I was looking at a legal treatise on injury law the other day and I happened to come across the following sentence: “A’s bad luck of bumping the one individual vulnerable enough to suffer serious injury does not protect A from liability.” And that is the basis, the standard, we have followed in law. It is very much, of course, a part of the Massachusetts tort system or Massachusetts law. Textbooks for law students are full of the most unusual evolutions of injuries and all to show that the most unfortunate medical progression and result is to be fully compensated. Thus, a sprained ankle caused by defendant’s negligence that results in death from a heart inflammation will mean that the death, not just the sprained ankle, is to be compensated. And so on. Just because a person is more susceptible to suffering than the average person does not preclude their full monetary recovery. Understanding Torts, Diamond, et. al. LexisNexis. Second Edition, 2000. Under a strict legal interpretation, clients in those unfortunate circumstances should feel that they will get the full measure of their damages regardless of any personal problem, i.e. weakness. All jurisdictions follow this rule of law and “the fact that [a defendant] could not have reasonably anticipated the particular result that followed…is also immaterial.” Keegan v. Minneapolis R.R. Co., 78 N.W. 965 (Minn. 1899). You can see by the date of the case just cited that we have followed this law for centuries.

Now this should not be lumped together and confused with what we have often talked about and that is pre-existing condition. The law pertaining to pre-existing condition is used by insurance companies and their lawyers with great glee and fanfare. The doctrine holds that if the injury which is the focus of the lawsuit had been a problem -albeit in a more limited way- by a prior injury or condition, the defendant is only liable for the exacerbation or aggravation of that pre-existing condition. Of course there is a huge amount of dispute and a huge amount of contentiousness over what constitutes an exacerbation or an aggravation. But the black letter law setting out the measure of compensation is clear; it is to be only for the exacerbation/aggravation. Some defense lawyers, while acknowledging that the law affords a measure of recovery, will argue with the plaintiff’s lawyer that the case will be viewed with skepticism if it were to be tried. Anecdotal evidence from trials has shown that juries are more understanding and are not so apt to rule out damages because of a hint of a pre-existing situation. Those who practiced defense law many decades ago were used to a different climate. I prefer to think of society today as kinder and gentler, and somewhat realistic that it is hard to go through life free from ailments and conditions.

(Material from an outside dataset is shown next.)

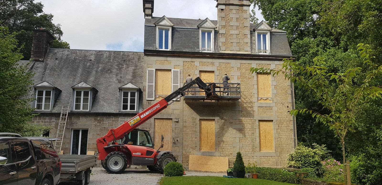 L’échafaudage de 350 mètres carrés, entreposé dans une remorque indépendante, évite aux salariés de charger et de décharger les camions. La flotte de véhicules se compose par ailleurs de deux camions bennes et d’un pick-up dont Loïc Fortin se trouve propriétaire.

I will also point out that sometimes we are dealing with a situation that was asymptomatic or dormant, something that was not giving the person any problem. As a result of the accident, however, it gets triggered and becomes symptomatic. In those cases, the plaintiff should get the full compensation for the triggering of that condition. I strenuously argue that it is not a situation calling for a reduced measure of damages at all. That too is a very contentious point, but I feel that I have given an accurate statement of the law. The asymptomatic condition is different from the pre-existing condition but how it plays out once again depends on the facts and the presentation of the particular case.